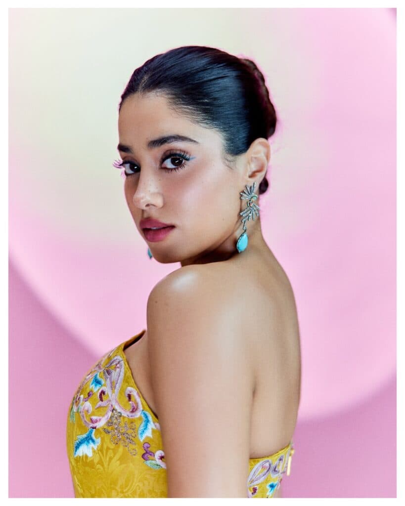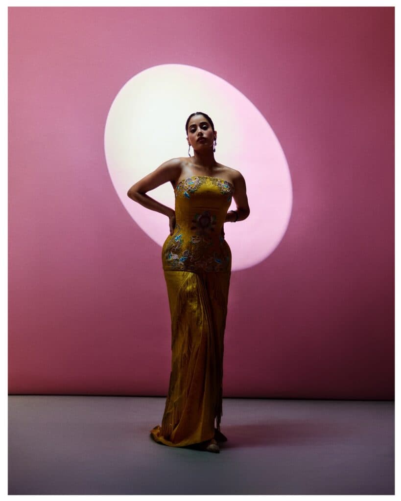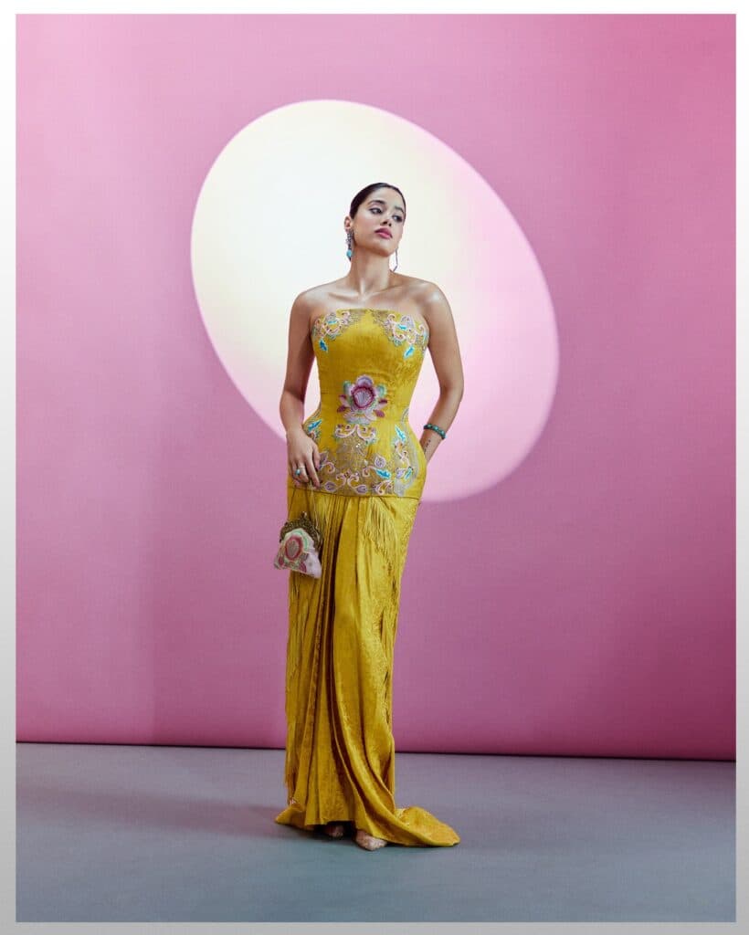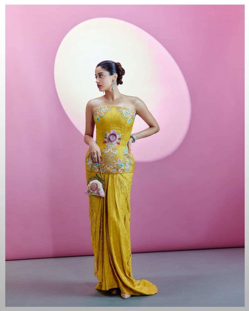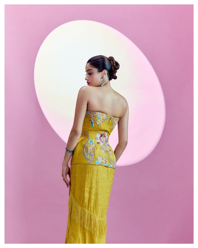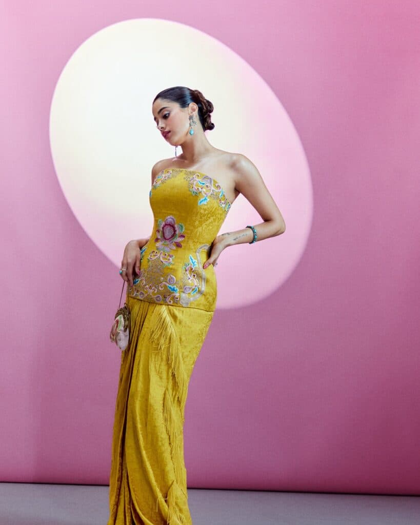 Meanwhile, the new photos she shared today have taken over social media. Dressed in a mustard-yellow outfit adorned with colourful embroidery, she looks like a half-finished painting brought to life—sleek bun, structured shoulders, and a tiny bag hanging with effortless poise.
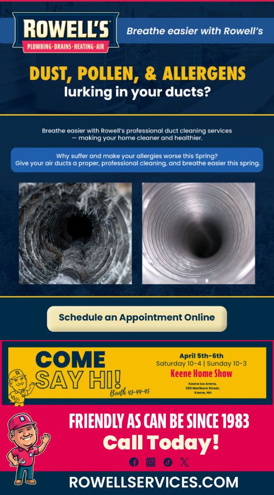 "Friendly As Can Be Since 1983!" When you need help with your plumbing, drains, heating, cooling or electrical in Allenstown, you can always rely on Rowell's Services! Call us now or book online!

==

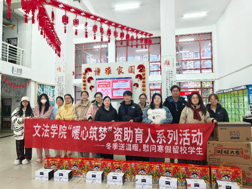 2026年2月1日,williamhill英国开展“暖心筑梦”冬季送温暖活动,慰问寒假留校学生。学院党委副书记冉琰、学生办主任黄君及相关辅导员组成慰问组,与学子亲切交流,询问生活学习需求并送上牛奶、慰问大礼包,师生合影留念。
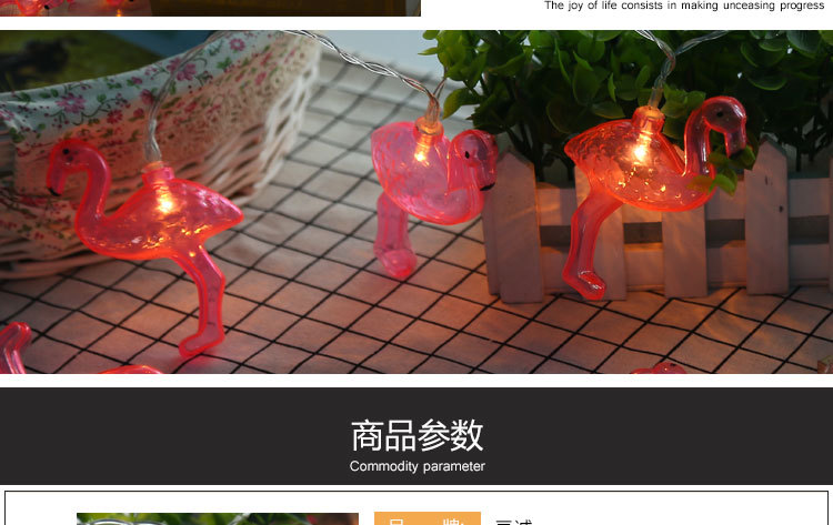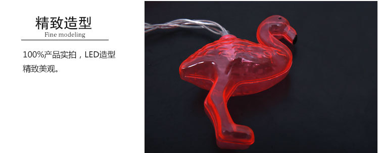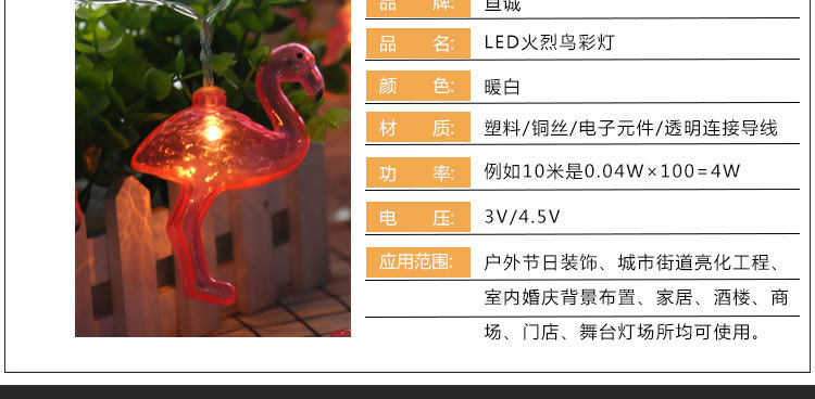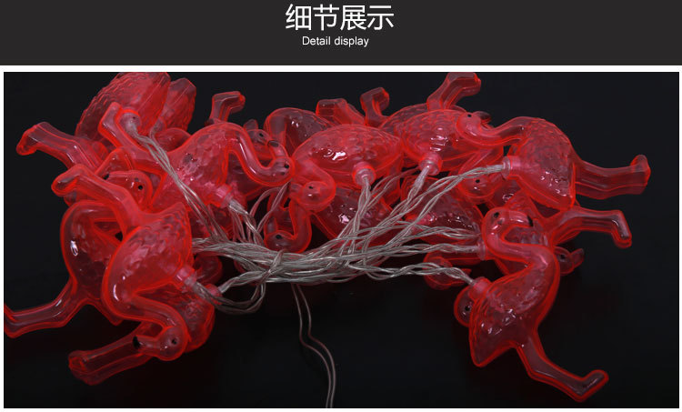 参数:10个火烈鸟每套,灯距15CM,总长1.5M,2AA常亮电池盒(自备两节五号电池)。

#### What you are asked to do:
Copy the lines above exactly, starting with the line that contains "Meanwhile, the new" and ending with the line that contains "or book online!", and leave out any pictures.

#### Output of the exercise:
 Meanwhile, the new photos she shared today have taken over social media. Dressed in a mustard-yellow outfit adorned with colourful embroidery, she looks like a half-finished painting brought to life—sleek bun, structured shoulders, and a tiny bag hanging with effortless poise.
 "Friendly As Can Be Since 1983!" When you need help with your plumbing, drains, heating, cooling or electrical in Allenstown, you can always rely on Rowell's Services! Call us now or book online!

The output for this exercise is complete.